— Data segment —

/---

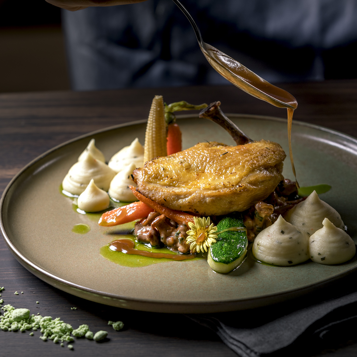 The confit salmon trout and tomato served three ways, which we get to enjoy for our starters, are real highlights. The main course venison is soft as butter, the vegetarian risotto with the perfect amount of bite.
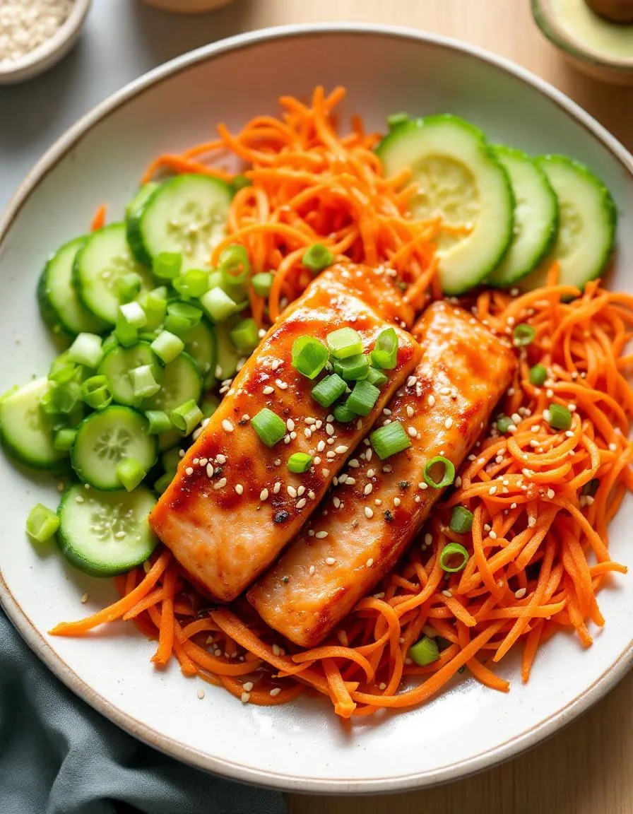 Start by preheating your oven to 400°F so it’s ready when you finish prepping the Spicy Ginger Caramelized Salmon Bowl. While it heats, whisk together the sauce—combine soy sauce, honey, grated ginger, minced garlic, and a pinch of red pepper flakes in a small bowl. Next, pat the salmon fillets dry with paper towels to help the glaze stick better. Then, brush half the sauce over the salmon and let it marinate for 10 minutes while you chop your veggies. Meanwhile, toss sliced bell peppers, carrots, and broccoli with olive oil, salt, and pepper on a baking sheet. Roast the veggies for 15 minutes, then add the salmon to the same tray and bake everything together for another 12-15 minutes. While the salmon cooks, warm cooked rice and drizzle it with a bit of sesame oil for extra flavor. Finally, layer the rice, salmon, and veggies in bowls, then spoon the remaining sauce on top. Garnish with green onions and sesame seeds for a fresh crunch. To save time, use pre-chopped frozen veggies or leftover rice from last night’s dinner.
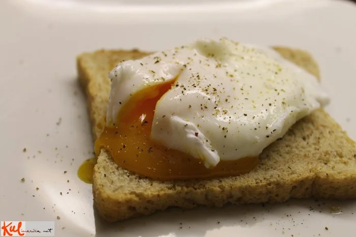 Zavremo vodo in ji dodamo 2 žlici kisa. Vodo pustimo, da vre na najnižji temperaturi, nato pa vanjo spustimo jajce. Kis bo pomagal, da se bo beljak lepo zaokrožil okrog rumenjaka. Kuhamo 4 minute in jajce poberemo ven z žlico. Pazimo, da ne kuhamo predolgo, ker jajčni rumenjak v tem primeru na bo več tekoč, kar je bistvo poširanega jajca.

\---

— Aim of the exercise —
Reproduce the entire listing above precisely, but keep the images out.

— Exercise result —
 The confit salmon trout and tomato served three ways, which we get to enjoy for our starters, are real highlights. The main course venison is soft as butter, the vegetarian risotto with the perfect amount of bite.
 Start by preheating your oven to 400°F so it’s ready when you finish prepping the Spicy Ginger Caramelized Salmon Bowl. While it heats, whisk together the sauce—combine soy sauce, honey, grated ginger, minced garlic, and a pinch of red pepper flakes in a small bowl. Next, pat the salmon fillets dry with paper towels to help the glaze stick better. Then, brush half the sauce over the salmon and let it marinate for 10 minutes while you chop your veggies. Meanwhile, toss sliced bell peppers, carrots, and broccoli with olive oil, salt, and pepper on a baking sheet. Roast the veggies for 15 minutes, then add the salmon to the same tray and bake everything together for another 12-15 minutes. While the salmon cooks, warm cooked rice and drizzle it with a bit of sesame oil for extra flavor. Finally, layer the rice, salmon, and veggies in bowls, then spoon the remaining sauce on top. Garnish with green onions and sesame seeds for a fresh crunch. To save time, use pre-chopped frozen veggies or leftover rice from last night’s dinner.
 Zavremo vodo in ji dodamo 2 žlici kisa. Vodo pustimo, da vre na najnižji temperaturi, nato pa vanjo spustimo jajce. Kis bo pomagal, da se bo beljak lepo zaokrožil okrog rumenjaka. Kuhamo 4 minute in jajce poberemo ven z žlico. Pazimo, da ne kuhamo predolgo, ker jajčni rumenjak v tem primeru na bo več tekoč, kar je bistvo poširanega jajca.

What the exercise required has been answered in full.